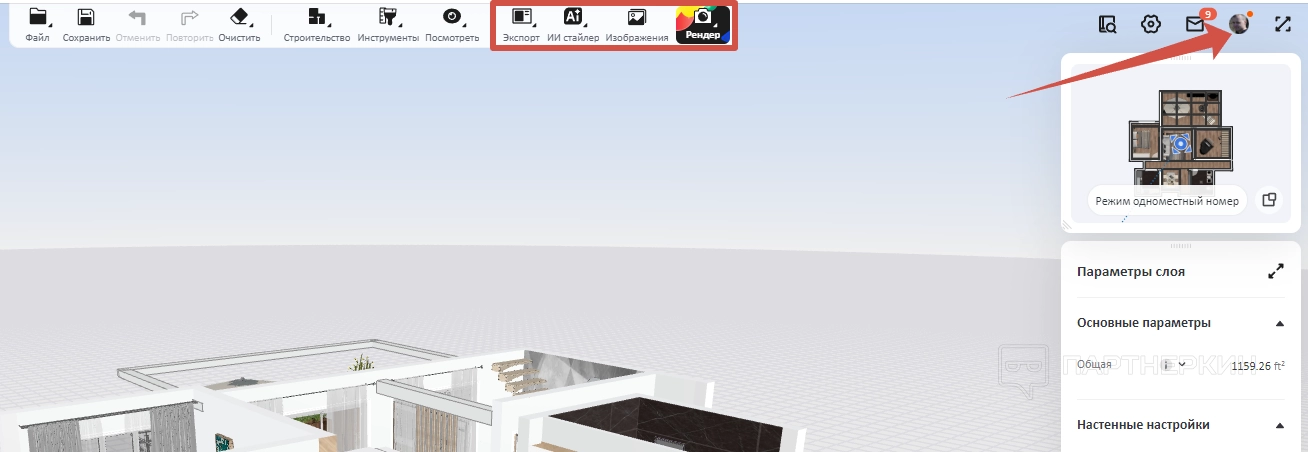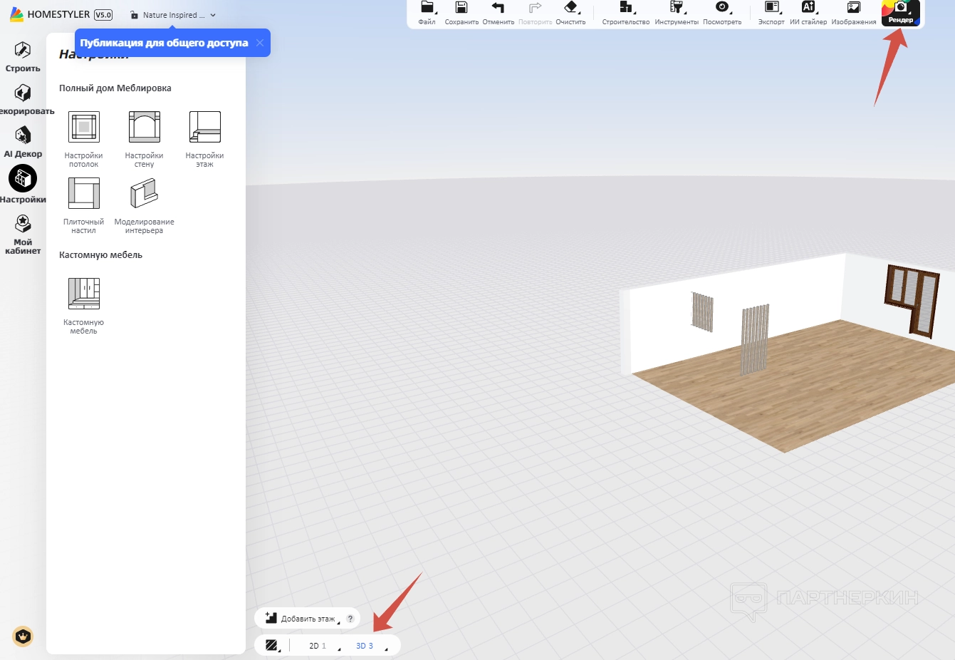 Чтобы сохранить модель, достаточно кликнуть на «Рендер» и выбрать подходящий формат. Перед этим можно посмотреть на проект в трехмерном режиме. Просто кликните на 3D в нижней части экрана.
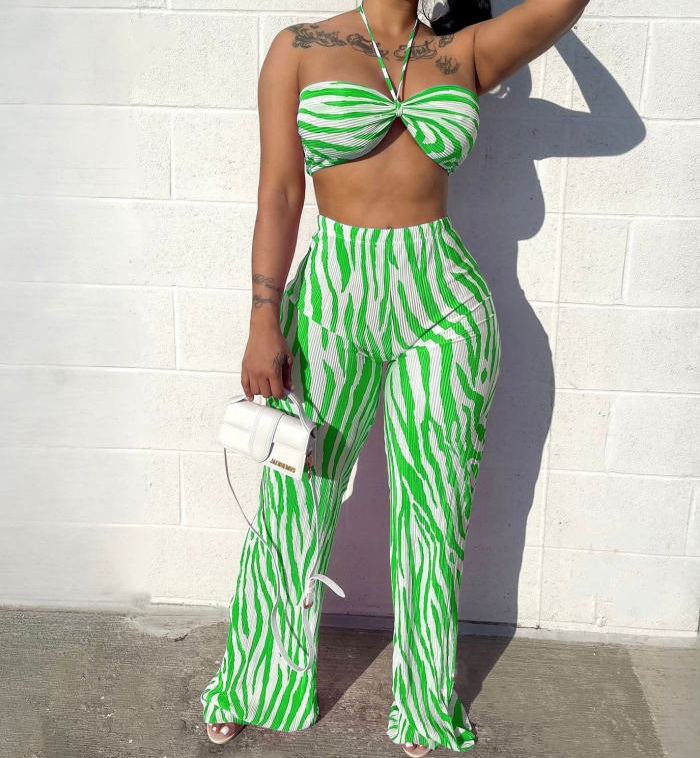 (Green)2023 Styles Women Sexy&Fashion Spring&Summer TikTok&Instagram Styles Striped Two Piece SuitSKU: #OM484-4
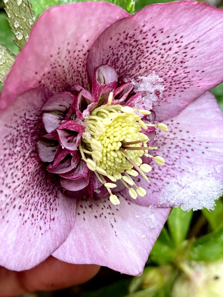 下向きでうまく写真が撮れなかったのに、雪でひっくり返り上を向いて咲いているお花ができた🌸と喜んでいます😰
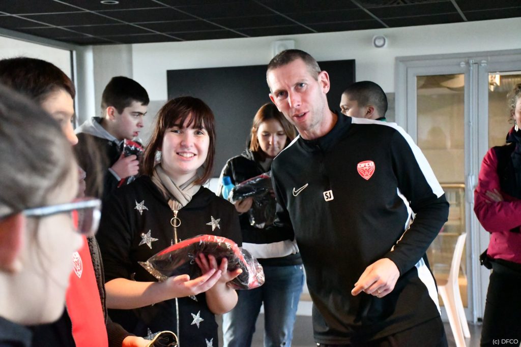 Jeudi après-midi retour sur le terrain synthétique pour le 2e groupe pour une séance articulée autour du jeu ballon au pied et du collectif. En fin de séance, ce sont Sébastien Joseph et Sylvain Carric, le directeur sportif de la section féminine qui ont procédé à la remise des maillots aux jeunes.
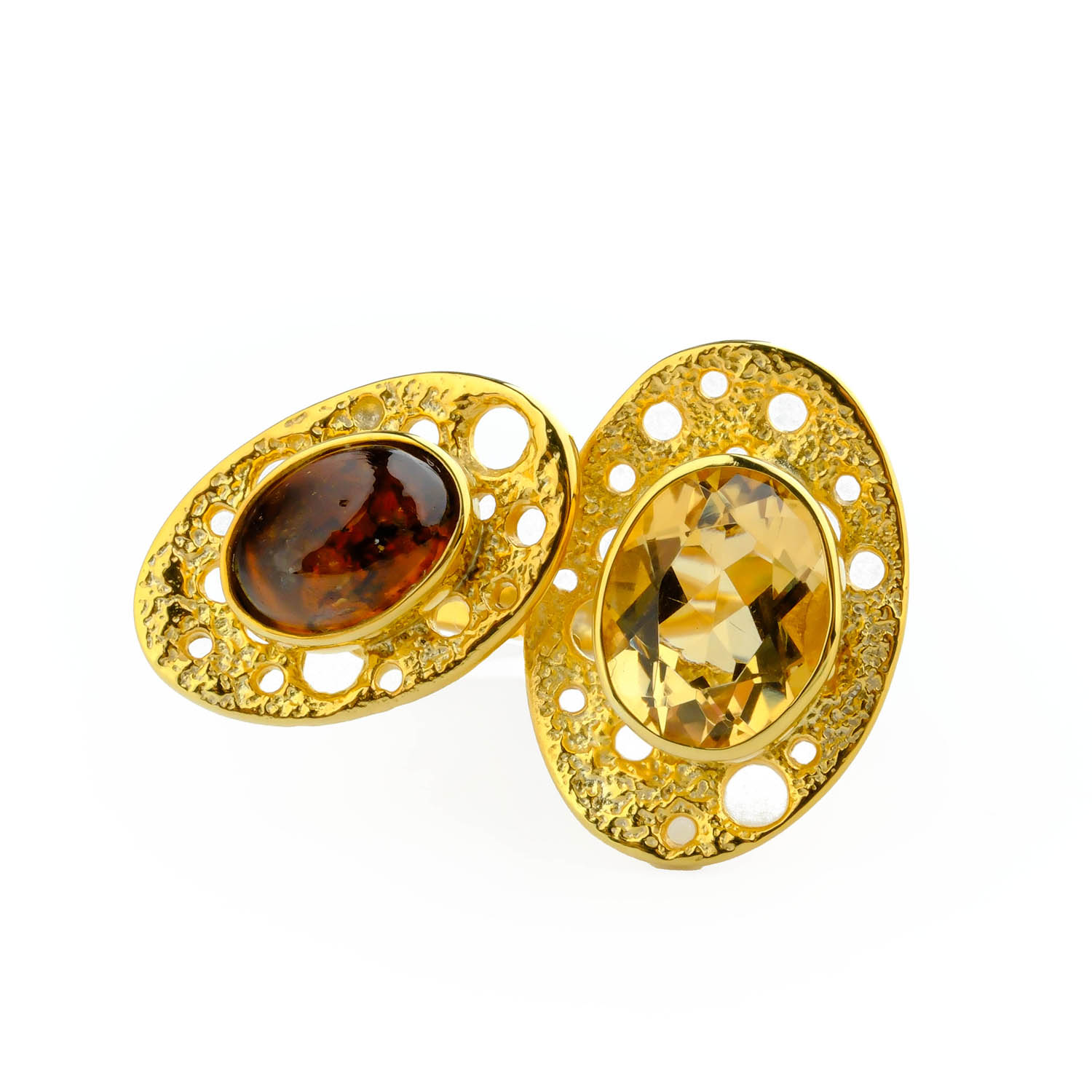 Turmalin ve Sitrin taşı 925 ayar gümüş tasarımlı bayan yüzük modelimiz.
————————
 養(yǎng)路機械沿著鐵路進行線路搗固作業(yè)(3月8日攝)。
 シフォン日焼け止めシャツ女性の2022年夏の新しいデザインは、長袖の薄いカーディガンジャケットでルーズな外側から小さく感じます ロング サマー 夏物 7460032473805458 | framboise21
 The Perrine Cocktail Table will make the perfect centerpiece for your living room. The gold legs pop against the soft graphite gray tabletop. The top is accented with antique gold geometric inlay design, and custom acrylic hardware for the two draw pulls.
————————
• About this task: Start at the line containing "Чтобы сохранить модель, достаточно" above and stop at the line containing "Turmalin ve Sitrin". Output those lines exactly, both included, but none of the pictures.

• Solution to this exercise:
 Чтобы сохранить модель, достаточно кликнуть на «Рендер» и выбрать подходящий формат. Перед этим можно посмотреть на проект в трехмерном режиме. Просто кликните на 3D в нижней части экрана.
 (Green)2023 Styles Women Sexy&Fashion Spring&Summer TikTok&Instagram Styles Striped Two Piece SuitSKU: #OM484-4
 下向きでうまく写真が撮れなかったのに、雪でひっくり返り上を向いて咲いているお花ができた🌸と喜んでいます😰
 Jeudi après-midi retour sur le terrain synthétique pour le 2e groupe pour une séance articulée autour du jeu ballon au pied et du collectif. En fin de séance, ce sont Sébastien Joseph et Sylvain Carric, le directeur sportif de la section féminine qui ont procédé à la remise des maillots aux jeunes.
 Turmalin ve Sitrin taşı 925 ayar gümüş tasarımlı bayan yüzük modelimiz.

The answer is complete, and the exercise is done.